## Exercise instructions
What is needed is a word-for-word copy of the lines below from the one with "A restaurálás váratlan" through the one with "当地时间2月2日,志愿者为新闻记者办理注册手续。中新社", both included, with every picture left out.

## Records provided
· · · · · · ·
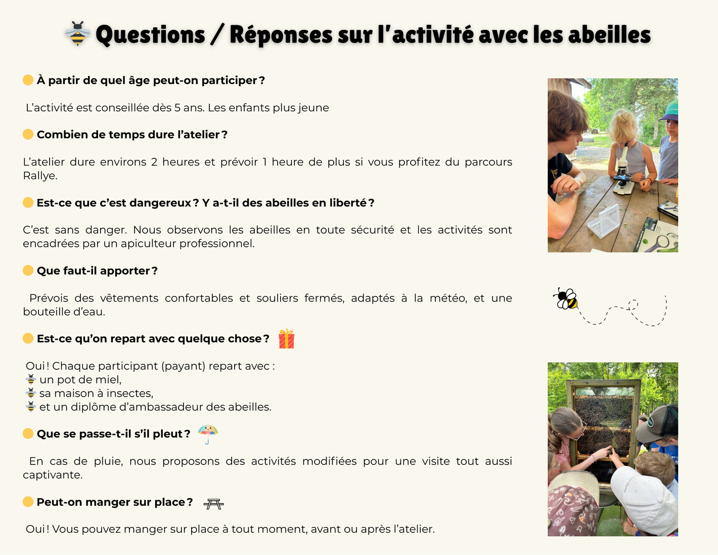 Que tu aies envie dâune courte dĂ©couverte, dâune immersion complĂšte guidĂ©e ou dâune exploration ludique Ă ton rythme, nos visites Ă la ferme te plongent au cĆur du monde fascinant des abeilles.
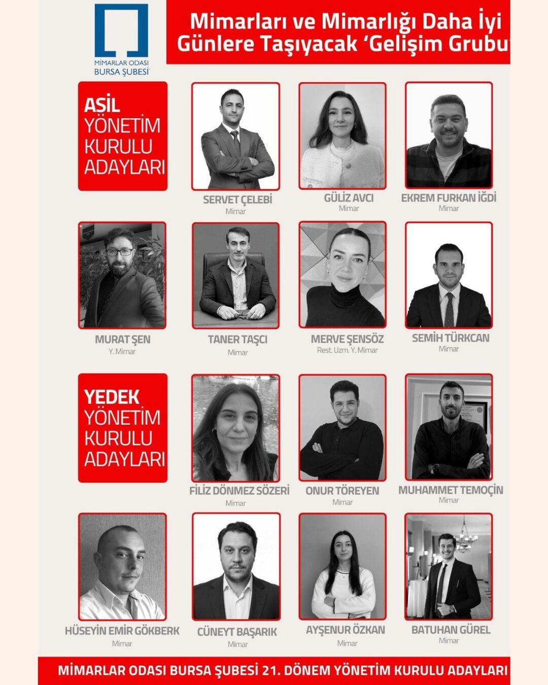 Mimarlar Odası Bursa Şubesi Gelişim Grubu’nun yönetim kurulu aday listesi şu isimlerden oluştu:
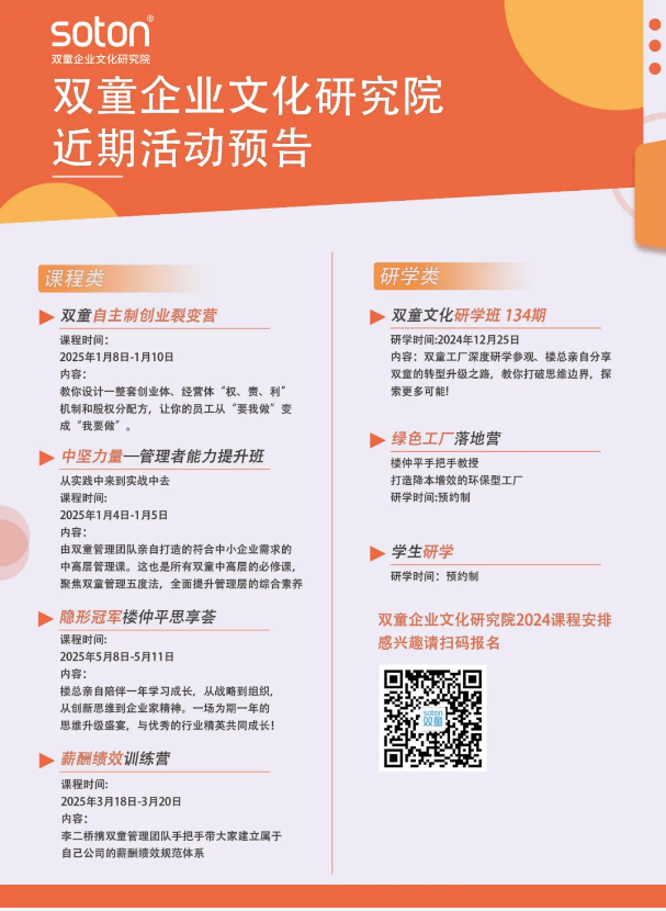 當(dāng)時確實是面臨企業(yè)生存的問題,需要開辟“第二曲線”。最初并沒有計劃要做商學(xué)院,甚至在接受邀請時我都拒絕了。疫情期間,雙童平臺孵化了十幾個員工創(chuàng)業(yè)項目。那時,一位小姑娘看到同事們紛紛開始創(chuàng)業(yè),她也產(chǎn)生了創(chuàng)業(yè)的想法。她來找我時提到,既然我能到這么多大學(xué)去講課,為什么我們不能自己開設(shè)一個學(xué)習(xí)中心?經(jīng)過一番思考,我決定開設(shè)學(xué)習(xí)中心,最終發(fā)展成了今天的雙童商學(xué)院。
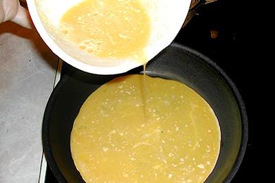 Сковороду поставить на средний огонь, слегка смазать маслом и вылить половину яичной массы. Когда нижняя сторона обжарится, блинчик перевернуть.
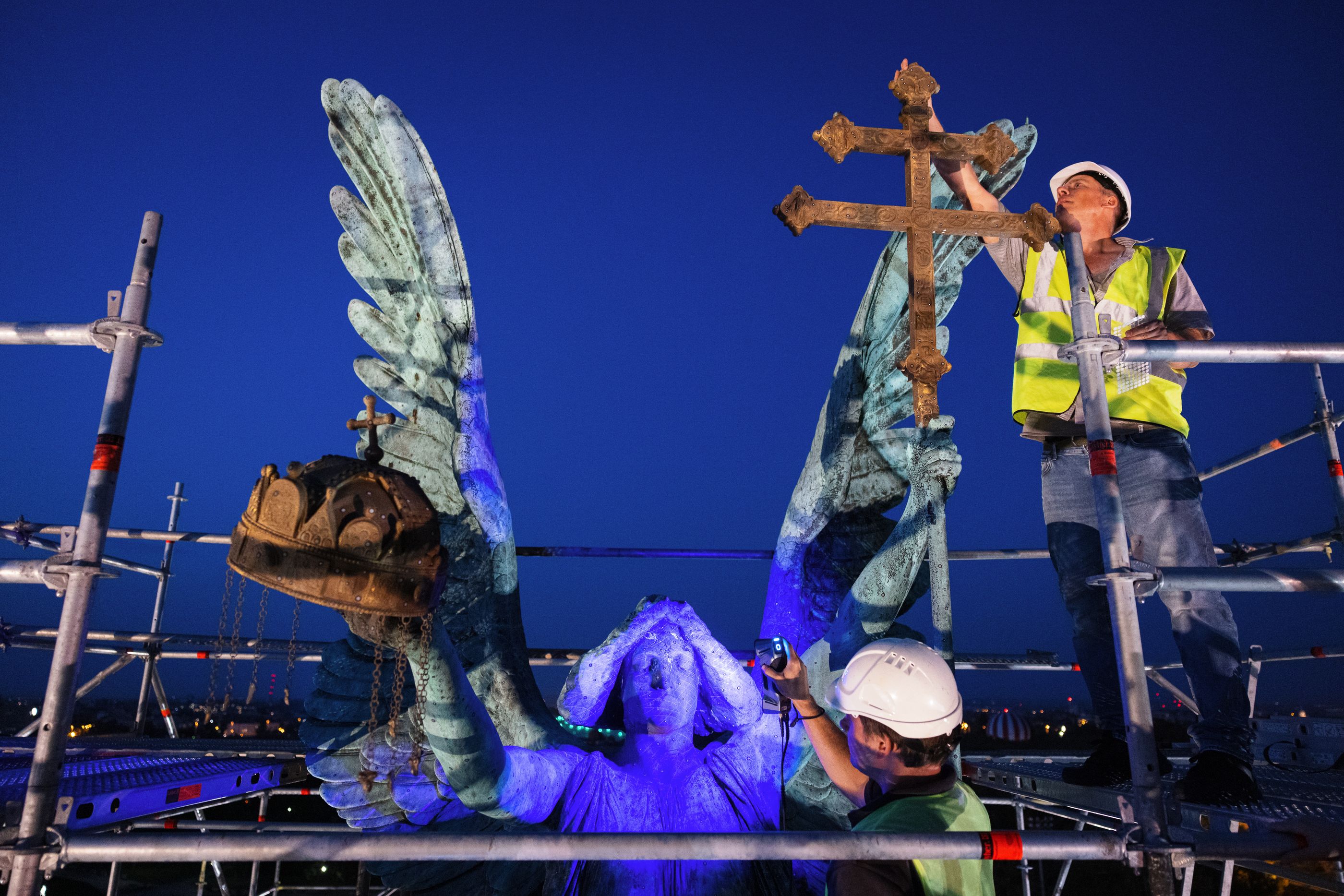 A restaurálás váratlan meglepetést is tartogatott: a szobor beton gömb talapzatának feltárása közben egy összetört üvegedényt találtak – benne egy feltekert papírdokumentummal és nyolc fém pénzérmével. Az időkapszula feltehetően az emlékmű 1901-es avatásának idején került a talapzatba. A papír nedves, erősen szennyezett állapotban, felületén üvegszilánkokkal és betonszemcsékkel került elő. A Magyar Nemzeti Levéltár restaurátorai kontrollált, magas páratartalmú környezetben, milliméterenként bontották ki a tekercset – a kiterített dokumentum végső mérete 18,5 × 37,2 cm lett. Szabad szemmel azonban semmilyen írásnyom nem volt látható rajta.
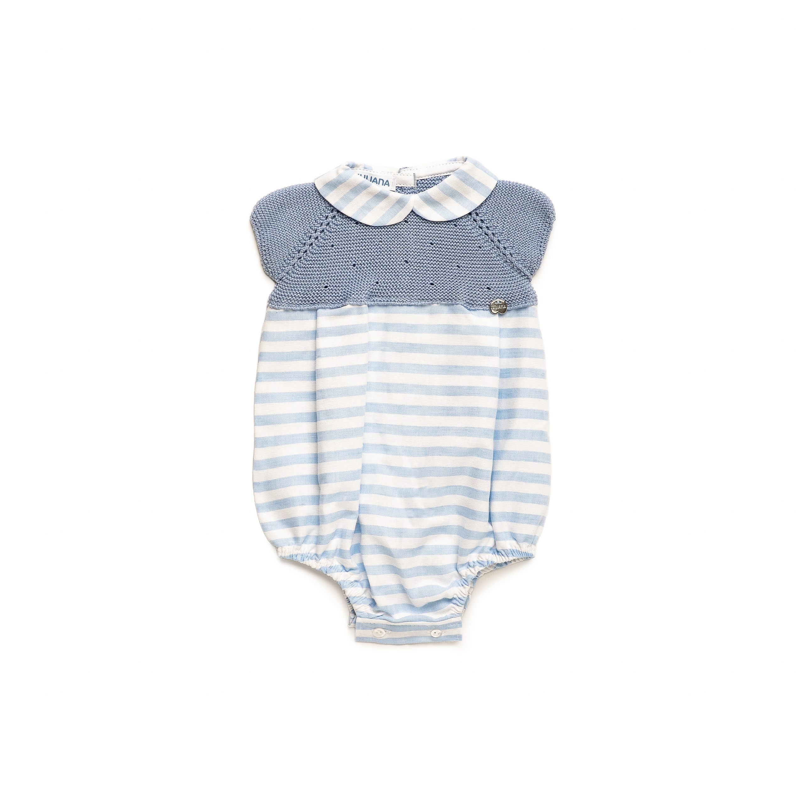 Sencillo, pero precioso Pelele confeccionado en tejido 60% Algodón, 40% Lino con estampado de rayas blancas y azules. Lleva el cuerpo de punto en color azul cielo con el cuello bebé a juego. Pelele de Juliana Baby clothes.
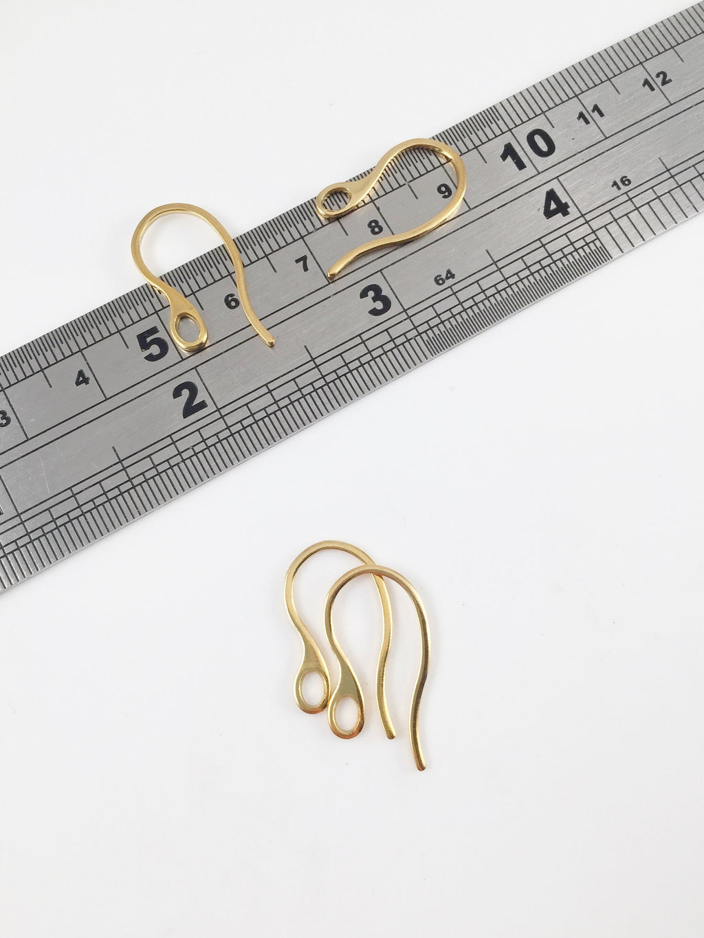 1 pair x Gold Plated Stainless Steel Flattened Earring Hooks (0114)
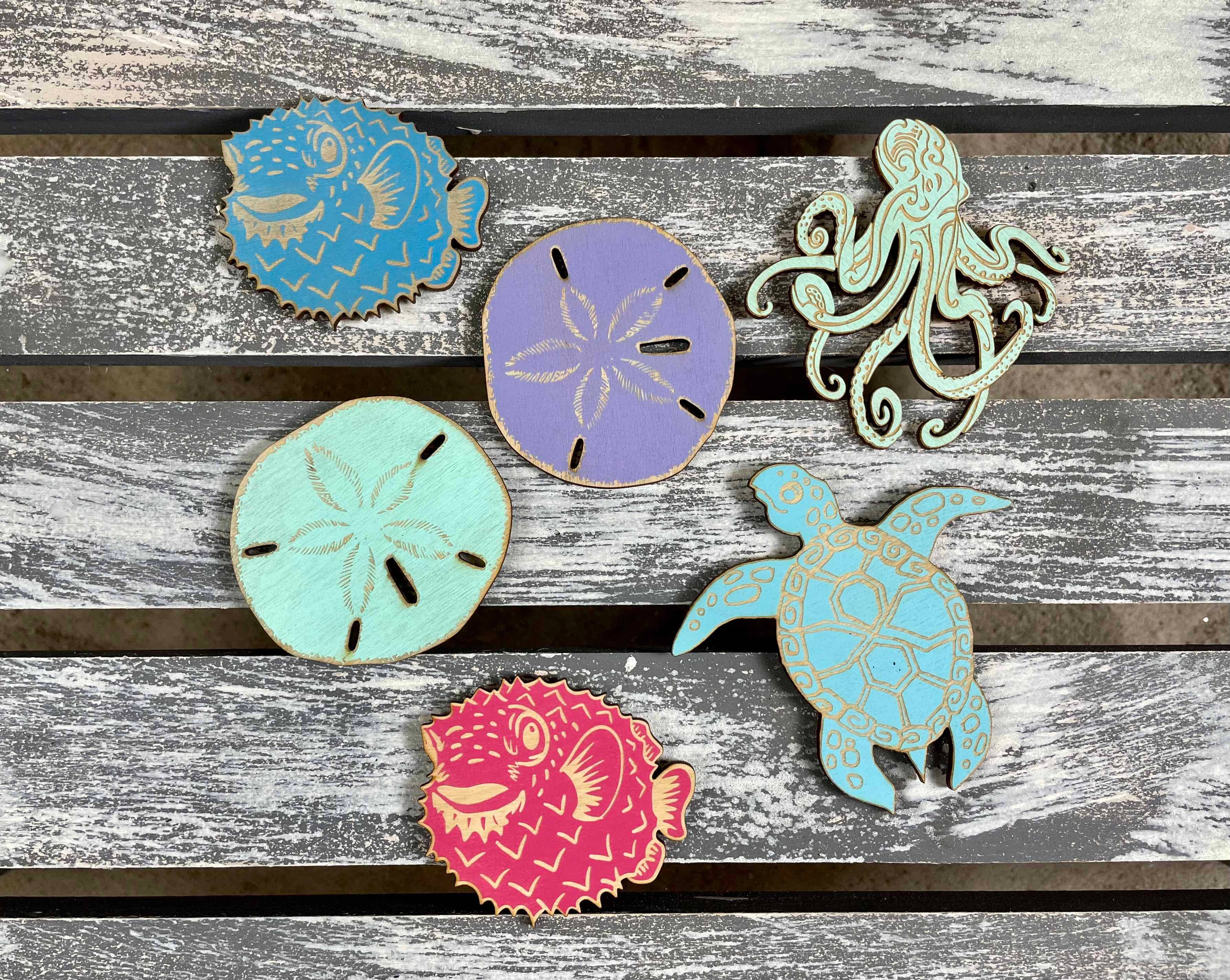 Nos aimants en bois pour réfrigérateur sont les souvenirs parfaits de leur lieu de vacances préféré. Ils sont fabriqués en noyer massif, peints et gravés, puis scellés. Un aimant rond de 2,5 cm est collé à l'arrière. Le nom de la plage ou la ville et l'État sont inclus. Dimensions : environ 2,25 à 2,5 pouces Disponible en bleu sarcelle tropicale et en corail côtier, voir la photo pour les options. Ils sont conçus et découpés dans notre petit atelier à partir de bois massif et vous sont expédiés. Cela dit, chaque assainisseur d'air possède ses propres caractéristiques uniques en fonction des différents grains et couleurs de tout produit naturel.
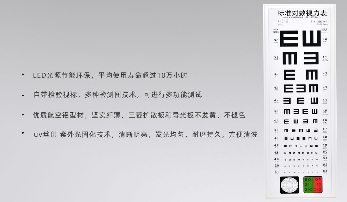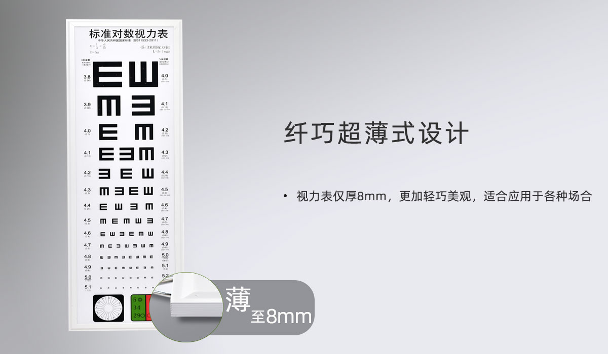 視力表僅厚8mm,更加輕巧美觀,適合應(yīng)用于各種場合 |
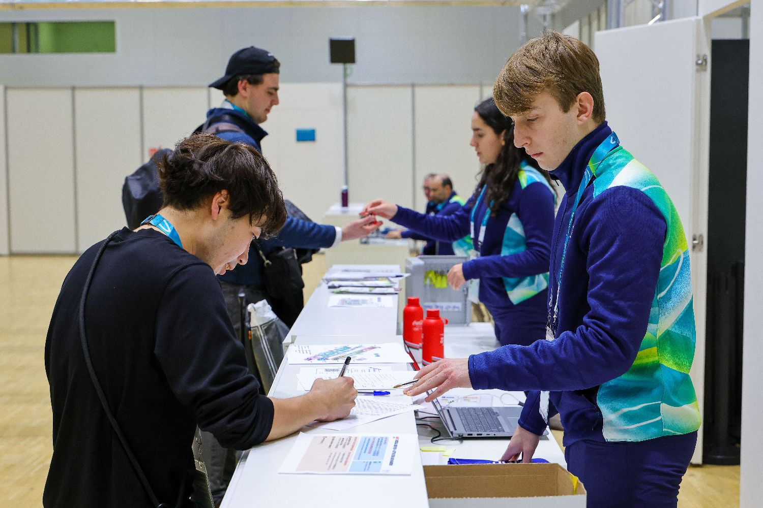 当地时间2月2日,志愿者为新闻记者办理注册手续。中新社
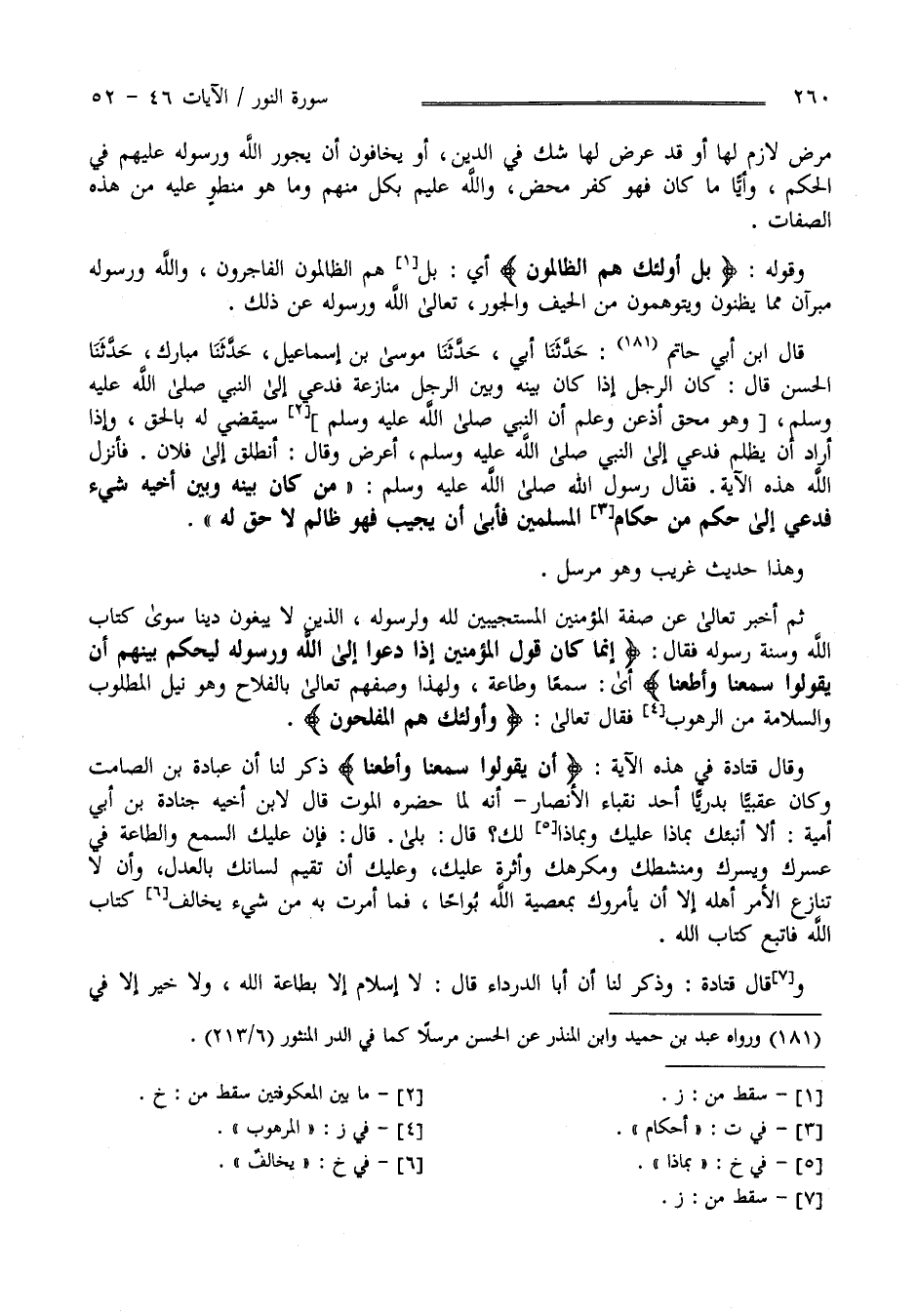 مَرَض لَازِم لَهَا أَوْقَدَ لَهَا شَكّ فِي الدِّين أَوْ يَخَافُونَ أَنْ يَجُور اللَّه وَرَسُوله عَلَيْهِمْ فِي الْحُكْم وَأَيًّا مَا كَانَ فَهُوَ كُفْر مَحْض وَاَللَّه عَلِيم بِكُلٍّ مِنْهُمْ وَمَا هُوَ مُنْطَوٍ عَلَيْهِ مِنْ هَذِهِ الصِّفَات وَقَوْله تَعَالَى " بَلْ أُولَئِكَ هُمْ الظَّالِمُونَ " أَيْ بَلْ هُمْ الظَّالِمُونَ الْفَاجِرُونَ وَاَللَّه وَرَسُوله مُبَرَّآنِ مِمَّا يَظُنُّونَ وَمُتَوَهِّمُونَ مِنْ الْحَيْف وَالْجَوْر تَعَالَى اللَّه وَرَسُوله عَنْ ذَلِكَ قَالَ اِبْن أَبِي حَاتِم : حَدَّثَنَا أَبِي حَدَّثَنَا مُوسَى بْن إِسْمَاعِيل حَدَّثَنَا مُبَارَك حَدَّثَنَا الْحَسَن قَالَ : كَانَ الرَّجُل إِذَا كَانَ بَيْنه وَبَيْن الرَّجُل مُنَازَعَة فَدُعِيَ إِلَى النَّبِيّ صَلَّى اللَّه عَلَيْهِ وَسَلَّمَ وَهُوَ مُحِقّ أَذْعَنَ وَعَلِمَ أَنَّ النَّبِيّ صَلَّى اللَّه عَلَيْهِ وَسَلَّمَ سَيَقْضِي لَهُ بِالْحَقِّ وَإِذَا أَرَادَ أَنْ يَظْلِم فَدُعِيَ إِلَى النَّبِيّ صَلَّى اللَّه عَلَيْهِ وَسَلَّمَ أَعْرَضَ وَقَالَ أَنْطَلِق إِلَى فُلَان فَأَنْزَلَ اللَّه هَذِهِ الْآيَة فَقَالَ النَّبِيّ صَلَّى اللَّه عَلَيْهِ وَسَلَّمَ : " مَنْ كَانَ بَيْنه وَبَيْن أَخِيهِ شَيْء فَدُعِيَ إِلَى حُكْم مِنْ أَحْكَام الْمُسْلِمِينَ فَأَبَى أَنْ يُجِيب فَهُوَ ظَالِم لَا حَقّ لَهُ " وَهَذَا حَدِيث غَرِيب وَهُوَ مُرْسَل ثُمَّ أَخْبَرَ تَعَالَى عَنْ صِفَة الْمُؤْمِنِينَ الْمُسْتَجِيبِينَ لِلَّهِ وَلِرَسُولِهِ الَّذِينَ لَا يَبْغُونَ دِينًا سِوَى كِتَاب اللَّه وَسُنَّة رَسُوله.
· · · · · · ·
## Task solution
 A restaurálás váratlan meglepetést is tartogatott: a szobor beton gömb talapzatának feltárása közben egy összetört üvegedényt találtak – benne egy feltekert papírdokumentummal és nyolc fém pénzérmével. Az időkapszula feltehetően az emlékmű 1901-es avatásának idején került a talapzatba. A papír nedves, erősen szennyezett állapotban, felületén üvegszilánkokkal és betonszemcsékkel került elő. A Magyar Nemzeti Levéltár restaurátorai kontrollált, magas páratartalmú környezetben, milliméterenként bontották ki a tekercset – a kiterített dokumentum végső mérete 18,5 × 37,2 cm lett. Szabad szemmel azonban semmilyen írásnyom nem volt látható rajta.
 Sencillo, pero precioso Pelele confeccionado en tejido 60% Algodón, 40% Lino con estampado de rayas blancas y azules. Lleva el cuerpo de punto en color azul cielo con el cuello bebé a juego. Pelele de Juliana Baby clothes.
 1 pair x Gold Plated Stainless Steel Flattened Earring Hooks (0114)
 Nos aimants en bois pour réfrigérateur sont les souvenirs parfaits de leur lieu de vacances préféré. Ils sont fabriqués en noyer massif, peints et gravés, puis scellés. Un aimant rond de 2,5 cm est collé à l'arrière. Le nom de la plage ou la ville et l'État sont inclus. Dimensions : environ 2,25 à 2,5 pouces Disponible en bleu sarcelle tropicale et en corail côtier, voir la photo pour les options. Ils sont conçus et découpés dans notre petit atelier à partir de bois massif et vous sont expédiés. Cela dit, chaque assainisseur d'air possède ses propres caractéristiques uniques en fonction des différents grains et couleurs de tout produit naturel.
 視力表僅厚8mm,更加輕巧美觀,適合應(yīng)用于各種場合 |
 当地时间2月2日,志愿者为新闻记者办理注册手续。中新社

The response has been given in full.